Decisão crucial sobre pensão vitalícia e danos morais para Sérgio Silva após 13 anos de batalha judicial.

23/04/2026 às 15:30
Por: Redação

O Supremo Tribunal Federal (STF) irá analisar novamente, na próxima terça-feira (28), o processo que busca indenização para o fotojornalista Sérgio Silva. Ele perdeu a visão do olho esquerdo em 2013, durante uma manifestação em São Paulo, após ser atingido por uma bala de borracha disparada por um policial militar.

 

Silva cobria um protesto contra o aumento da tarifa do transporte público na capital paulista, em junho de 2013, quando o incidente ocorreu. O disparo da Polícia Militar causou lesões graves no olho, resultando na atrofia permanente do órgão.

 

A Primeira Turma do STF é responsável por avaliar a ação, cujo objetivo central é determinar se o Estado de São Paulo tem a obrigação de compensar financeiramente o profissional por sua lesão.

 

Até o momento, o placar no julgamento indica dois votos favoráveis ao reconhecimento da indenização, proferidos pelos ministros Flávio Dino e Cristiano Zanin.
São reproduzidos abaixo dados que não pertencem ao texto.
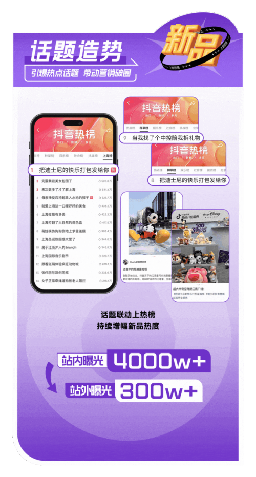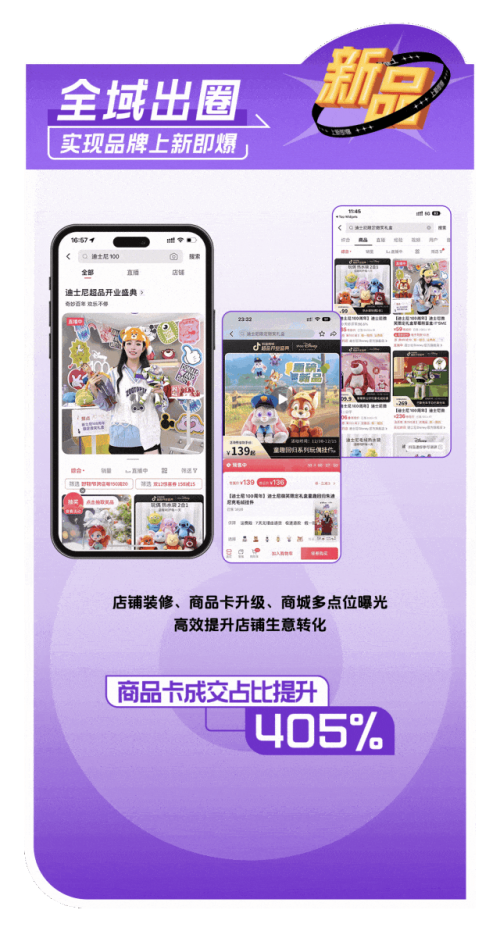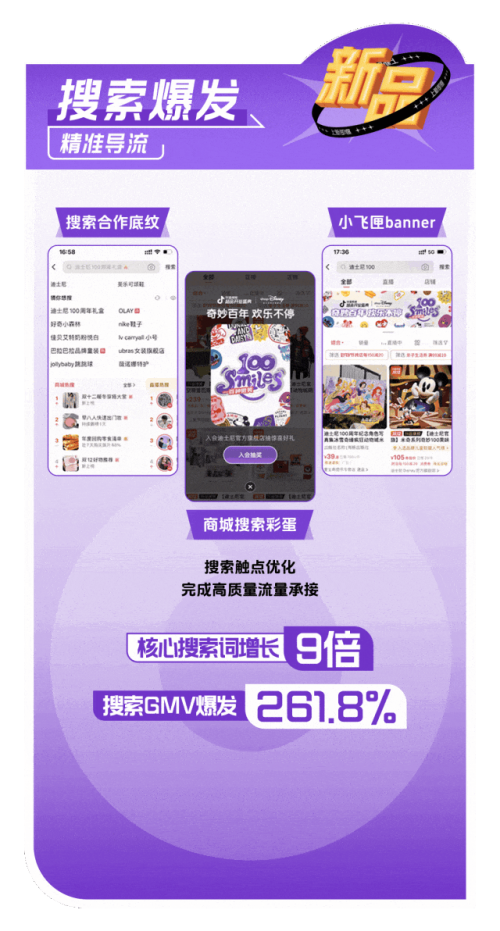 迪士尼通过「话题引爆,营销共振」的策略,围绕周年狂欢节造势,站内曝光超 4000 万,再通过搜索优化承接流量,新款销售额同比增长 478%。
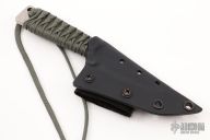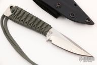 This WP by Strider Knives features a stonewash blade with false top edge, .216" blade stock and .899" blade depth, full tang construction with green paracord wrapped handle. Comes with kydex sheath. Excellent condition.
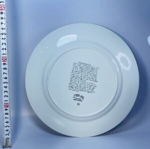 Crafted from glazed porcelain, the plate has a smooth white finish and is intended primarily for decorative display. The reverse side contains a printed historical text and maker’s mark, providing background information and confirming its authenticity and collectible value.
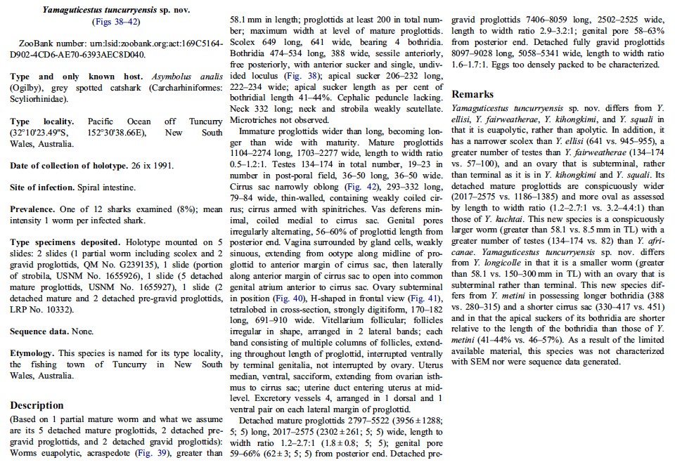 | Type Material | Holotype mounted on 5 slides: 2 slides (1 partial worm including scolex and 2 gravid proglottids, QM No. G239135), 1 slide (portion of strobila, USNM No. 1655926), 1 slide (5 detached mature proglottids, USNM No. 1655927), 1 slide (2 detached mature and 2 detached pre-gravid proglottids, LRP No. 10332) |
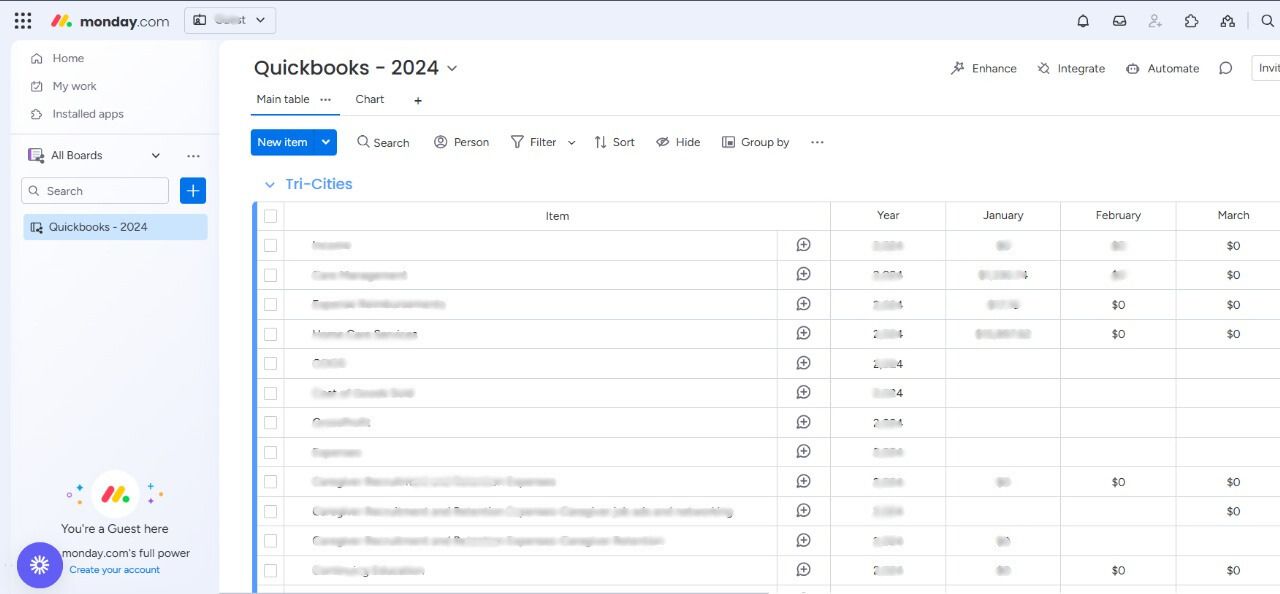 - Clear categorization of income and expense items in Monday.com
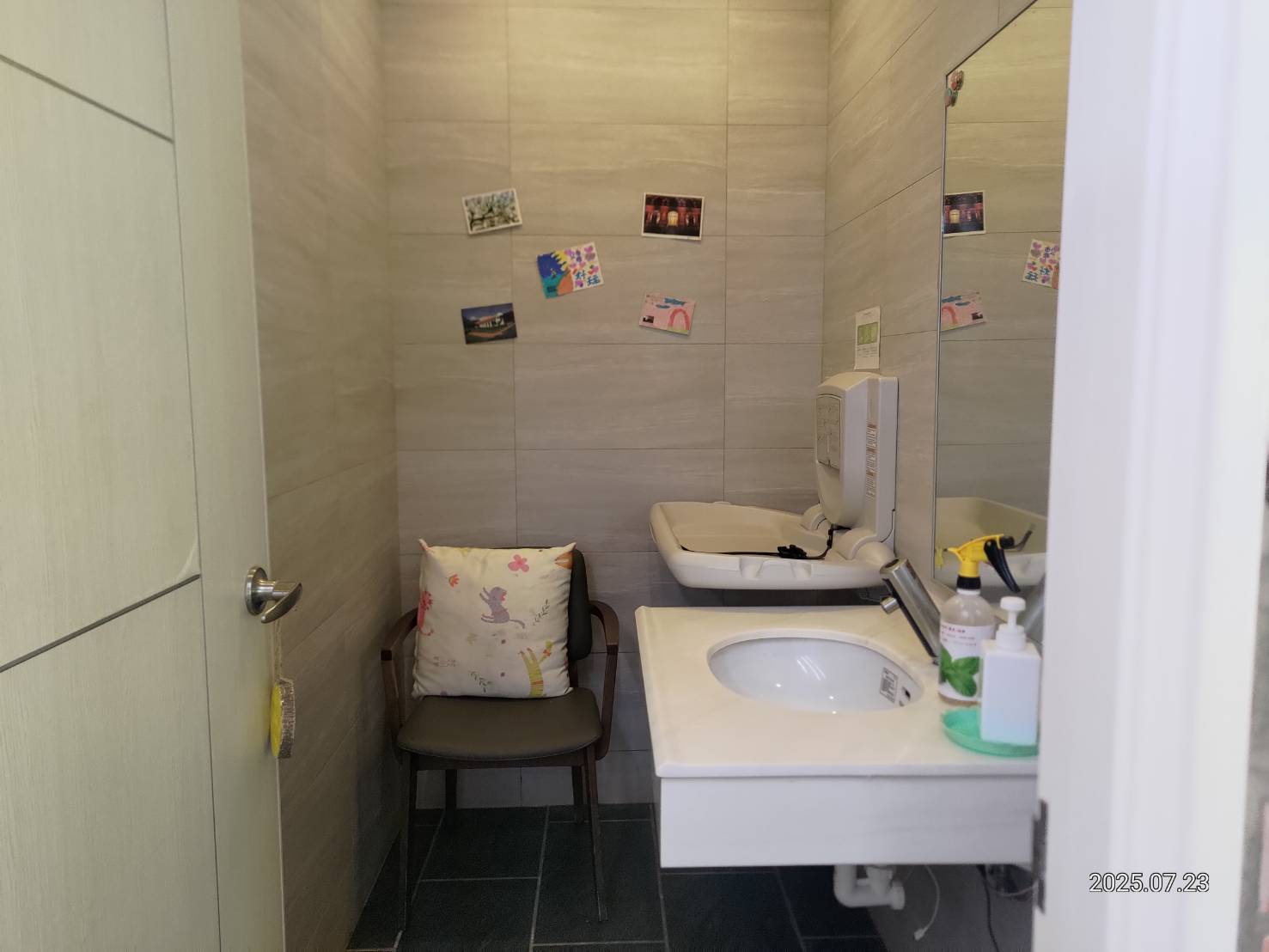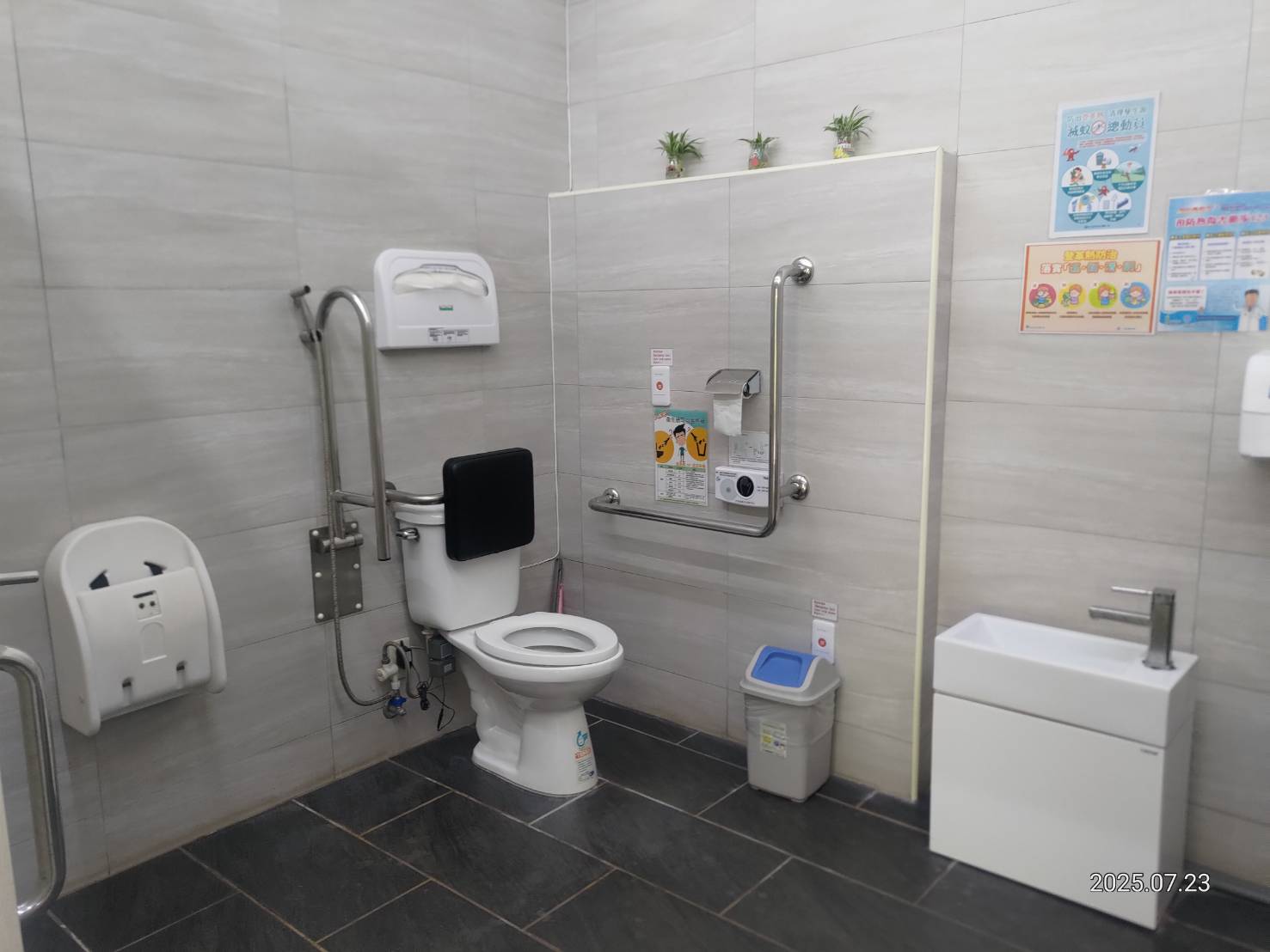 3、無障礙設施,照顧多元需求 公廁內設有無障礙廁間與親子友善設施,體現對不同族群的關懷。無障礙廁間專為身心障礙人士設計,提供了足夠的空間與安全設施,並配有緊急呼叫系統。親子廁所則設有專用的尿布台,讓帶小孩的家庭也能輕鬆使用。

Em contrapartida, o ministro Alexandre de Moraes votou contra. A decisão final aguarda o voto da ministra Cármen Lúcia, que será apresentado na sessão presencial marcada para o dia 28.

 

Entre os pontos em discussão, está a concessão de uma pensão mensal vitalícia ao fotojornalista, cujo valor ainda será definido. Além disso, o processo busca a condenação do Estado de São Paulo ao pagamento de cem mil reais em danos morais.

 

“Treze anos não são 13 dias, nem 13 horas, nem muito menos 13 minutos. São 13 anos sofrendo o segundo ato de violência, como eu chamo, que é enfrentar um processo judiciário”

 

Em instâncias anteriores, tanto a primeira quanto a segunda, a Justiça paulista havia negado o pedido de indenização ao profissional.

 

“[É] um processo judiciário que, desde o início, me condena, insiste em dizer o absurdo de que não há prova de que foi a polícia que atirou no meu olho. Insiste em defender que eu sou o único responsável por estar naquela situação, como se o papel do fotógrafo e da imprensa não fosse estar presente no local”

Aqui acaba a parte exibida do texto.